I'm working on a piece of software that stores files in a file system, as well as references to those files in a database. Querying the uploaded files can thus be done in the database without having to access the file system. From what I've read in other posts, most people say it's better to use a file system for file storage rather then storing binary data directly in a database as BLOB.
So now I'm trying to understand the best way to set this up so that both the database a file system stay in sync and I don't end up with references to files that don't exist, or files taking up space in the file system that aren't referenced. Here are a couple options that I'm considering.
Option 1: Add File Reference First
//Adds a reference to a file in the database
database.AddFileRef("newfile.txt");
//Stores the file in the file system
fileStorage.SaveFile("newfile.txt",dataStream);
This option would be problematic because the reference to the file is added before the actual file, so another user may end up trying to download a file before it is actually stored in the system. Although, since the reference to the the file is created before hand the primary key value could be used when storing the file.
Option 2: Store File First
//Stores the file
fileStorage.SaveFile("newfile.txt",dataStream);
//Adds a reference to the file in the database
//fails if reference file does not existing in file system
database.AddFileRef("newfile.txt");
This option is better, but would make it possible for someone to upload a file to the system that is never referenced. Although this could be remedied with a "Purge" or "CleanUpFileSystem" function that deletes any unreferenced files. This option also wouldn't allow the file to be stored using the primary key value from the database.
Option 3: Pending Status
//Adds a pending file reference to database
//pending files would be ignored by others
database.AddFileRef("newfile.txt");
//Stores the file, fails if there is no
//matching pending file reference in the database
fileStorage.SaveFile("newfile.txt",dataStream); database
//marks the file reference as committed after file is uploaded
database.CommitFileRef("newfile.txt");
This option allows the primary key to be created before the file is uploaded, but also prevents other users from obtaining a reference to a file before it is uploaded. Although, it would be possible for a file to never be uploaded, and a file reference to be stuck pending. Yet, it would also be fairly trivial to purge pending references from the database.

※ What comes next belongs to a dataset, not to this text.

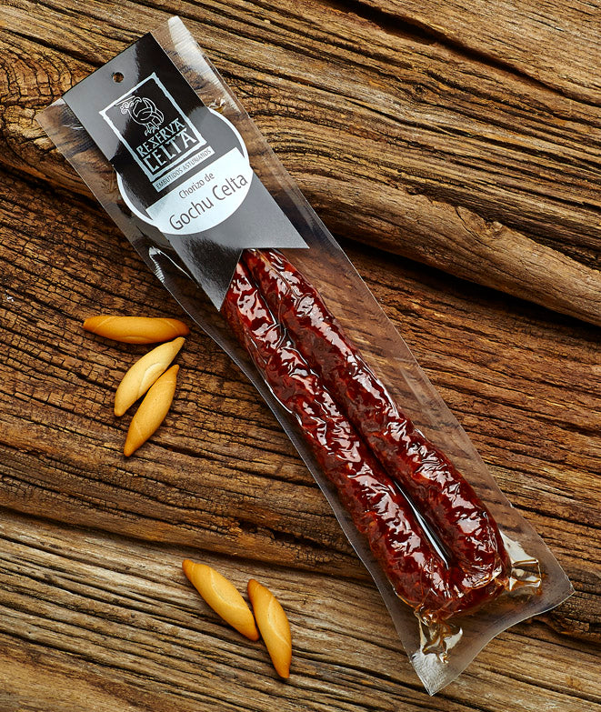 El Chorizo de Cerdo Celta está hecho artesanalmente con ingredientes únicamente del propio animal, así se puede apreciar su sabor característico y la calidad del producto.

I'm leaning toward option 2, because it's simple, and I don't have to worry about users trying to request files before they are uploaded. Storage is cheap, so it's not the end of the world if I end up with some unreferenced files taking up space. But this also seems like a common problem, and I'd like to hear how others have solved it or other considerations I should be making.
I want to propose another option. Make the filename always equal to the hash of its contents. Then you can safely write any content at all times provided that you do it before you add a reference to it elsewhere.

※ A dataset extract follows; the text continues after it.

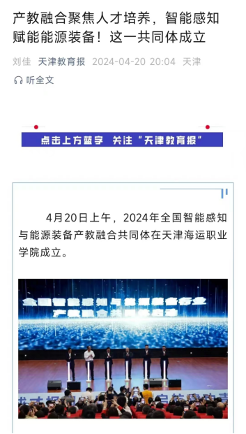 4月20日,全国智能感知与能源装备行业产教融合共同体成立大会在我院召开,天津教育报微信公众号发表文章《产教融合聚焦人才培养,智能感知赋能能源装备!这一共同体成立》,对全国智能感知与能源装备行业产教融合共同体成立大会进行了详细报道。

As contents never change there is never a synchronization problem.
This gives you deduplication for free. Deletes become harder though. I recommend a nightly garbage collection process.
What is the real use of the database? If it's just a list of files, I don't think you need it at all, and not having it saves you the hassle of synchronising.
If you are convinced you need it, then options 1 and 2 are completely identical from a technical point of view - the 2 resources can be out of sync and you need a regular process to consolidate them again. So here you should choose the options that suits the application best.
Option 3 has no advantage whatsoever, but uses more resources.
Note that using hashes, as suggested by usr, bears a theoretical risk of collision. And you'd also need a periodical consolidation process, as for options 1 and 2.
Another questions is how you deal with partial uploads and uploads in progress. Here option 2 could be of use, but you could also use a second "flag" file that is created before the upload starts, and deleted when the upload is done. This would help you determine which uploads have been aborted.
To remedy the drawback you mentioned of option 1 I use something like fileStorage.FileExists("newfile.txt"); and filter out the result for which it returns a negative.
In Python lingo:
import os
op = os.path
filter(lambda ref: op.exists(ref.path()), database.AllRefs())
Related
We’ve got time-stamped directories containing text files, stored in HDFS.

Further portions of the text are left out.